Texas halting effort to keep out Syrians
Martin Cominsky leads the Houston office of Interfaith Ministries, an organization that also has experience working with refugees, and thinks the arguments made by Texas’ officials don’t make much sense.
In a suit filed Wednesday, the state says it wasn’t adequately consulted over refugee placement and asked the court system to immediately block the resettlement of any Syrian refugees in Texas.
“Though we anticipate New York City will only be a temporary home for these families while the state of Texas pursues a baseless attempt to resist their resettlement in the state, we welcome them with open arms to the city of immigrants”, de Blasio said.
The U.S. government joined an global resettlement group in asking a federal judge in Dallas to reject Texas’ request to block Syrian refugees from coming to this state.
The state says it needs to assess whether the refugees might represent a threat, especially in the wake of the Paris massacre perpetrated by ISIS militants just three weeks ago.

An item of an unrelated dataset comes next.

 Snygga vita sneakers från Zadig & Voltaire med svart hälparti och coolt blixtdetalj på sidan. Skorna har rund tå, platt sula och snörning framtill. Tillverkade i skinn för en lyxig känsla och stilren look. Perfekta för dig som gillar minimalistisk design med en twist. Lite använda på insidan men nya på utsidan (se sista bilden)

ACLU attorneys who filed separately on behalf of the refugee group called the Texas lawsuit “utterly meritless”. Those refugees will include twelve children between the ages of two and fifteen, four parents, two grandparents and a Syrian woman whose mother now lives in Houston. Abbott, and other governors and politicians across the US, contend that Islamic State terrorists could be among those refugees.
In a statement, Attorney General Ken Paxton said the state dropped its request for a temporary restraining order because it received more information from the federal government about the first group of Syrians scheduled to arrive next week.

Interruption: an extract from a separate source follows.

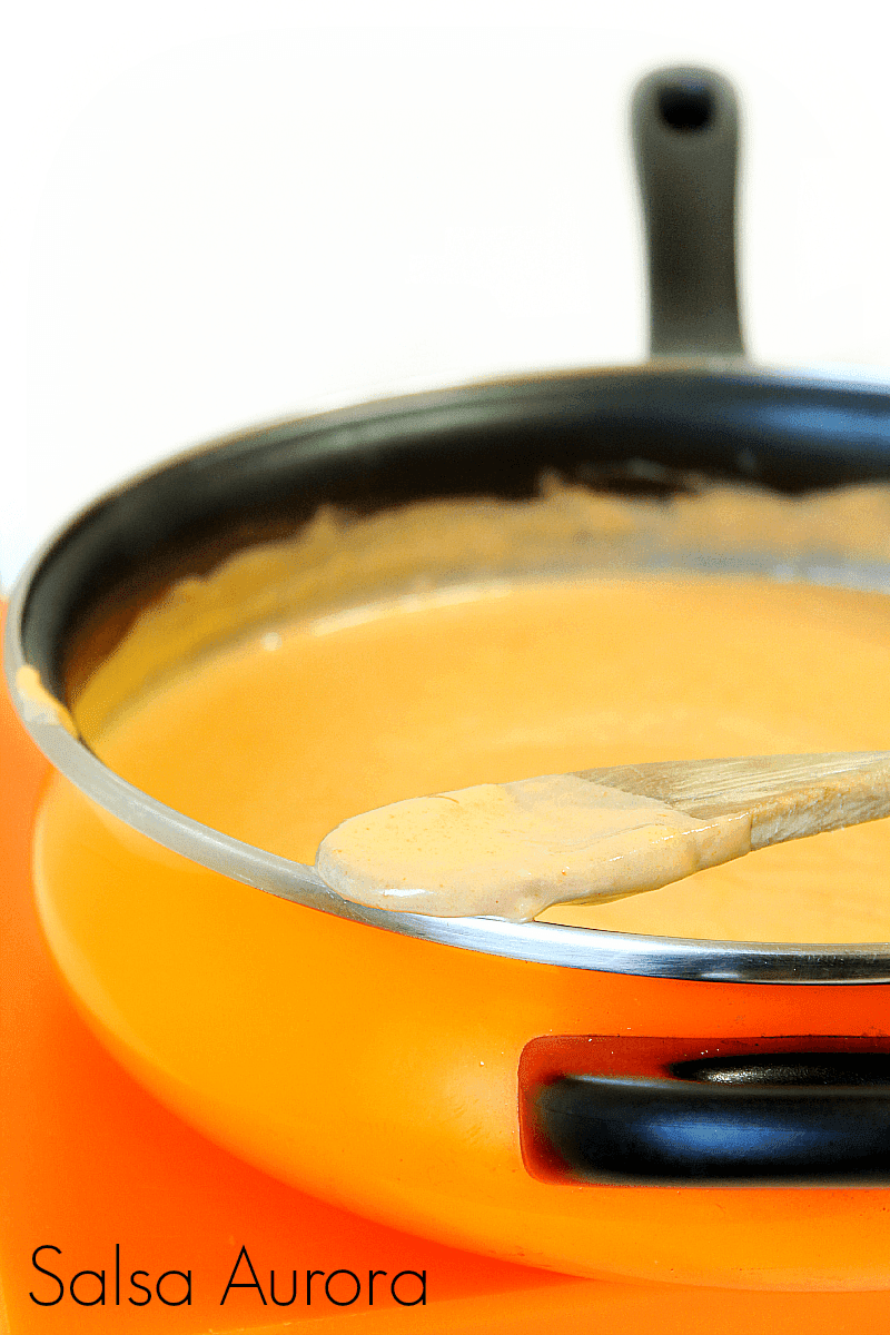 Y ya tenemos nuestra Salsa Aurora lista para disfrutar con todo tipo de pasta y gratinarla, sobre una lasaña o unos canelones por ejemplo. Otra idea es sobre unas berenjenas o calabacines rellenos que vayan al horno, con pescados, con carnes, verduras.. o lo que nuestra imaginación y gusto nos dicte.

The International Rescue Committee, the relief agency resettling the refugees, filed a separate lawsuit against the state asserting that Texas could not discriminate against refugees based on nationality.
By the end of the week, 21 additional Syrian refugees should be resettled in the state since the controversy broke out.
Despite Abbott’s directive, several resettlement agencies have said they plan to continue aiding Syrian refugees, and it appears the International Rescue Committee’s Dallas branch was the first scheduled to resettle any such refugees. “While we remain concerned about the federal government’s overall refugee vetting process, we must ensure that Texas has the seat at the table that the Refugee Act requires”.
Court documents by the federal government outlined plans to resettle members of the family of Faez al Sharaa, a Syrian who came to Richardson earlier this year.
The decisions in the injunction lawsuit and the various other lawsuit linked to Syrian refugee resettlement could set precedents for whether state governors have any legal means to bar resettlement.
The IRC, a non-profit agency, said in its response that a federal court rule against an emergency injunction it says could “severely harm” the work it is doing.
“It’s not clear what individual states can do to keep refugees out”.